WORK REQUEST: When you transcribe the listing that follows, keep every line exact and omit the pictures.

SUPPLIED INFORMATION:
-- Opening Marker --

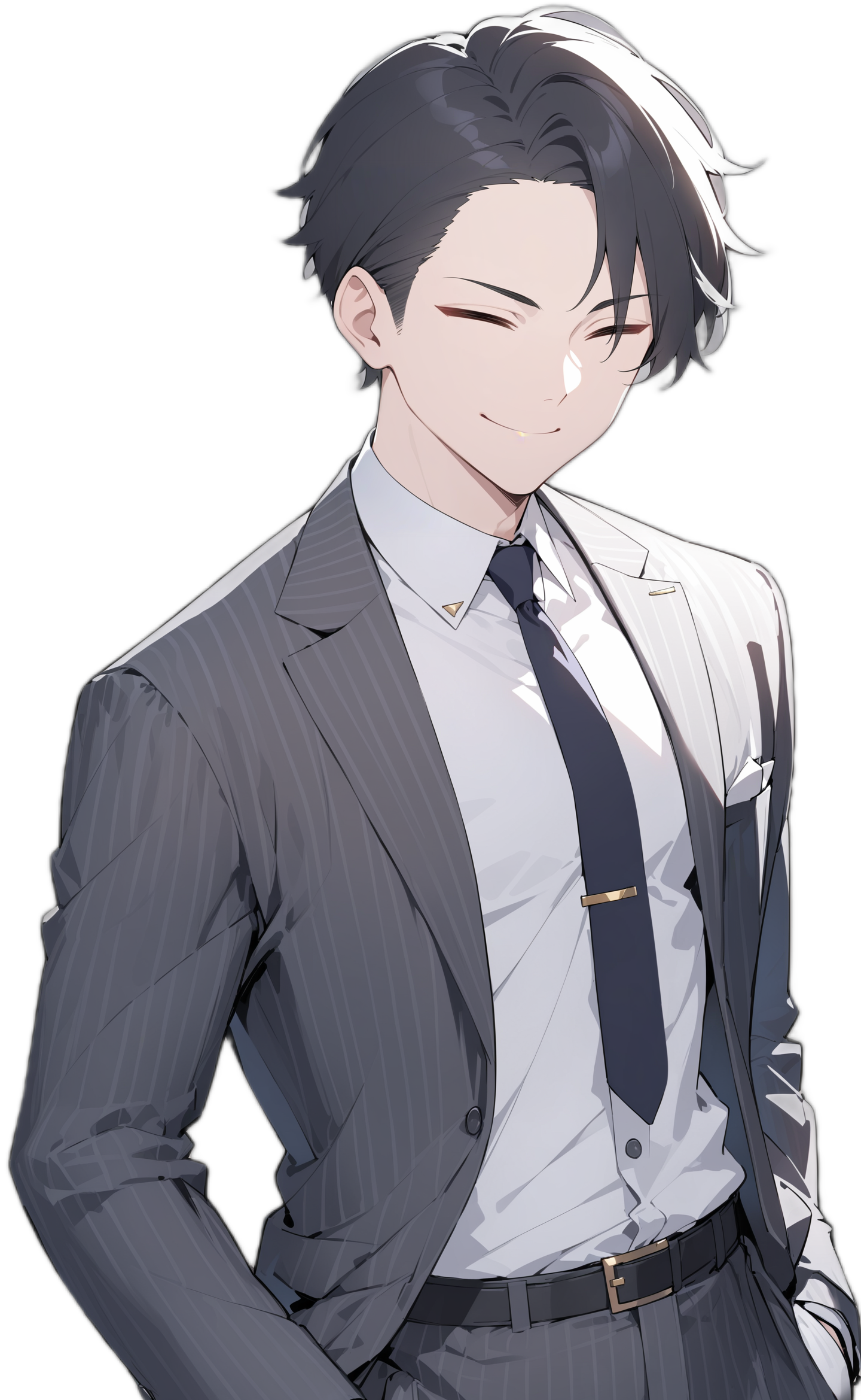 そこそこ身長が高くてそこそこ体が分厚い、格闘技やってんなぁという感じの体格 いつもかっちり着込んだスーツと糸目がトレードマーク
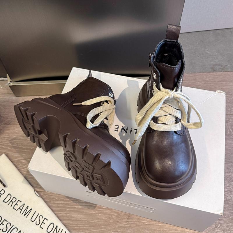 Flats Ankle Boots for Women Platform Lace Up Shoes Winter Designer Sport Sneakers New Walking Comfort Leather Ladies Boots
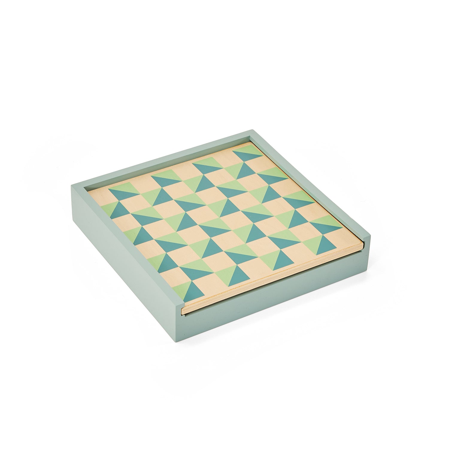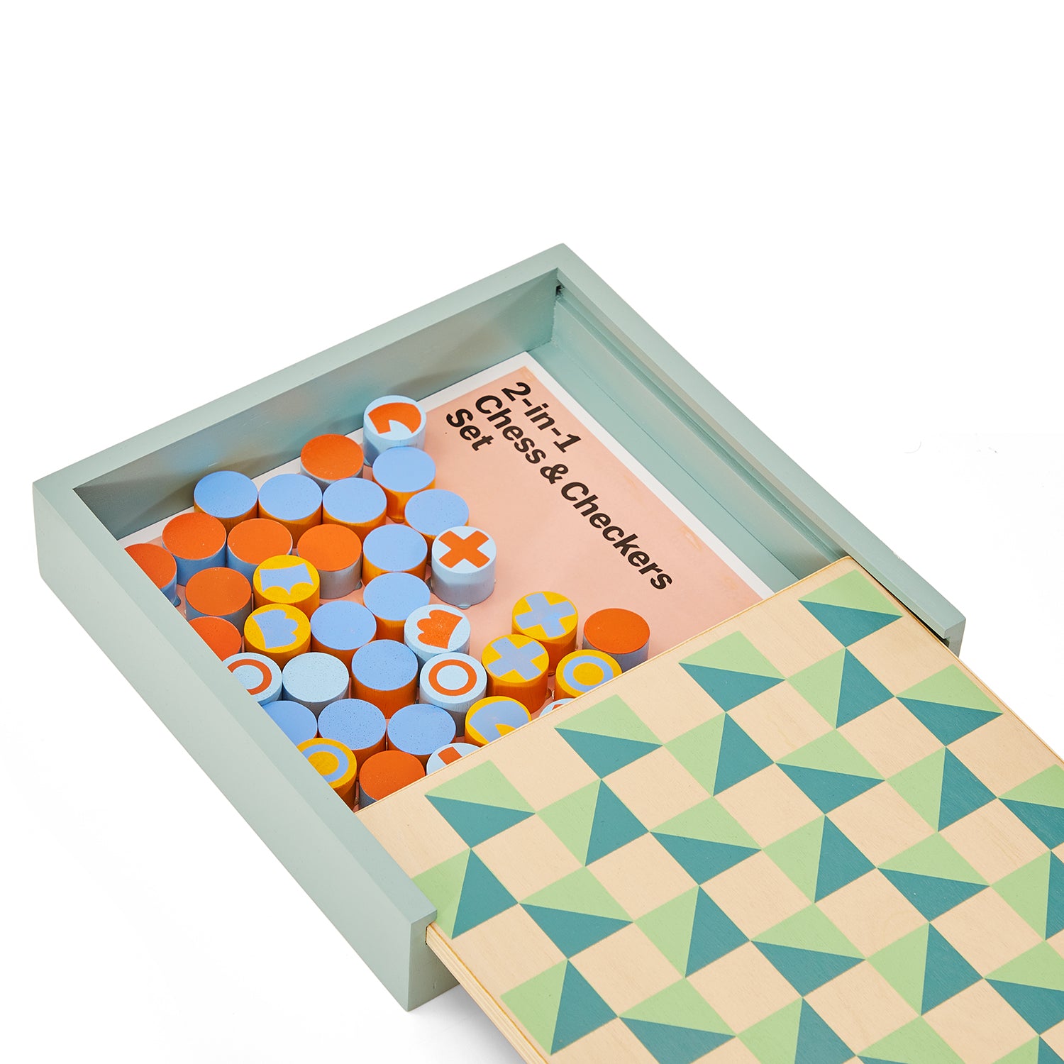Details: Teal and white modern 2-in-1 chess and checkers set with colorful pieces Dimensions: 9" H X 9" W X 2" D

-- Closing Marker --

OUTPUT OF THE TASK:
 そこそこ身長が高くてそこそこ体が分厚い、格闘技やってんなぁという感じの体格 いつもかっちり着込んだスーツと糸目がトレードマーク
 Flats Ankle Boots for Women Platform Lace Up Shoes Winter Designer Sport Sneakers New Walking Comfort Leather Ladies Boots
Details: Teal and white modern 2-in-1 chess and checkers set with colorful pieces Dimensions: 9" H X 9" W X 2" D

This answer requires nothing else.